-- Opening Marker --

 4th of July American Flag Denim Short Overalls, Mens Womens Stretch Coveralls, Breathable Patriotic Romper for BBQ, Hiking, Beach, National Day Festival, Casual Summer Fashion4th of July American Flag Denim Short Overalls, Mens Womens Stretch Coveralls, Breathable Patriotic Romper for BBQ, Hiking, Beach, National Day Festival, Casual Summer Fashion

-- Closing Marker --
-- Opening Marker --

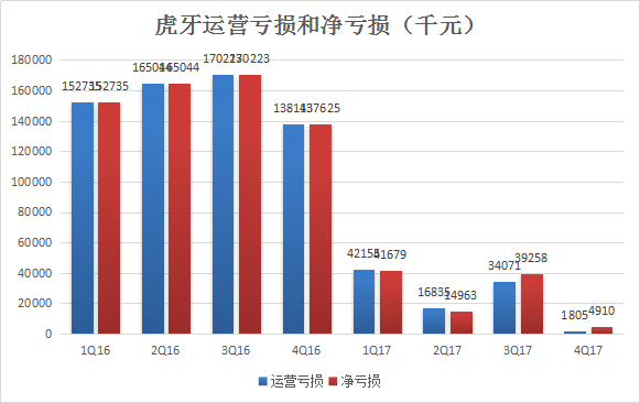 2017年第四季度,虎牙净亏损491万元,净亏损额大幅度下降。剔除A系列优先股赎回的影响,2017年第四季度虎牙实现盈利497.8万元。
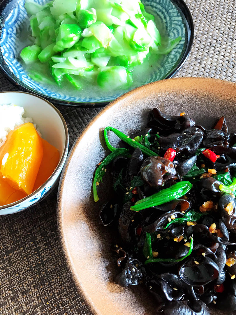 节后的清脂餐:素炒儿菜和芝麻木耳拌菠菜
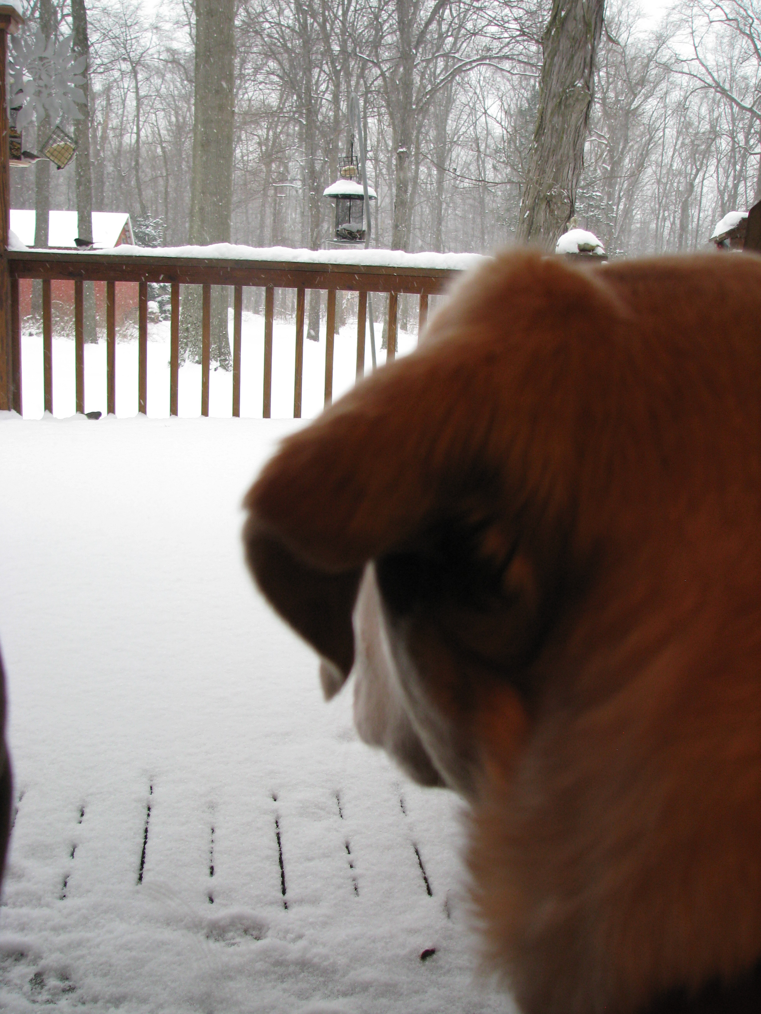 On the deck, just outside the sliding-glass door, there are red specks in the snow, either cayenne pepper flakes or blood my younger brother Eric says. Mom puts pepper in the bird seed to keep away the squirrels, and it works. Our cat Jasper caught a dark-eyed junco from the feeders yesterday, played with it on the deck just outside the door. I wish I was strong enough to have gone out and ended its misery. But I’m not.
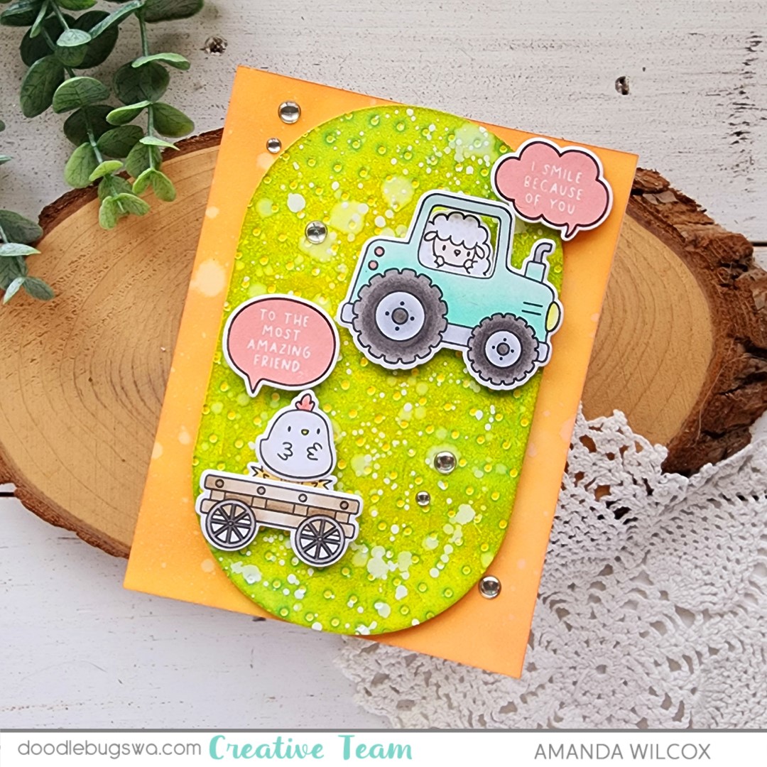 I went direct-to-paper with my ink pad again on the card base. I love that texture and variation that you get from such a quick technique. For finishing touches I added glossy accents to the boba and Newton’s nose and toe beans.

-- Closing Marker --

**Task directions:** Within these entries, output exactly the lines starting at the one with "2017年第四季度,虎牙净亏" and finishing at the one with "I went direct-to-paper". Leave pictures out of the output.

**Your response:**
 2017年第四季度,虎牙净亏损491万元,净亏损额大幅度下降。剔除A系列优先股赎回的影响,2017年第四季度虎牙实现盈利497.8万元。
 节后的清脂餐:素炒儿菜和芝麻木耳拌菠菜
 On the deck, just outside the sliding-glass door, there are red specks in the snow, either cayenne pepper flakes or blood my younger brother Eric says. Mom puts pepper in the bird seed to keep away the squirrels, and it works. Our cat Jasper caught a dark-eyed junco from the feeders yesterday, played with it on the deck just outside the door. I wish I was strong enough to have gone out and ended its misery. But I’m not.
 I went direct-to-paper with my ink pad again on the card base. I love that texture and variation that you get from such a quick technique. For finishing touches I added glossy accents to the boba and Newton’s nose and toe beans.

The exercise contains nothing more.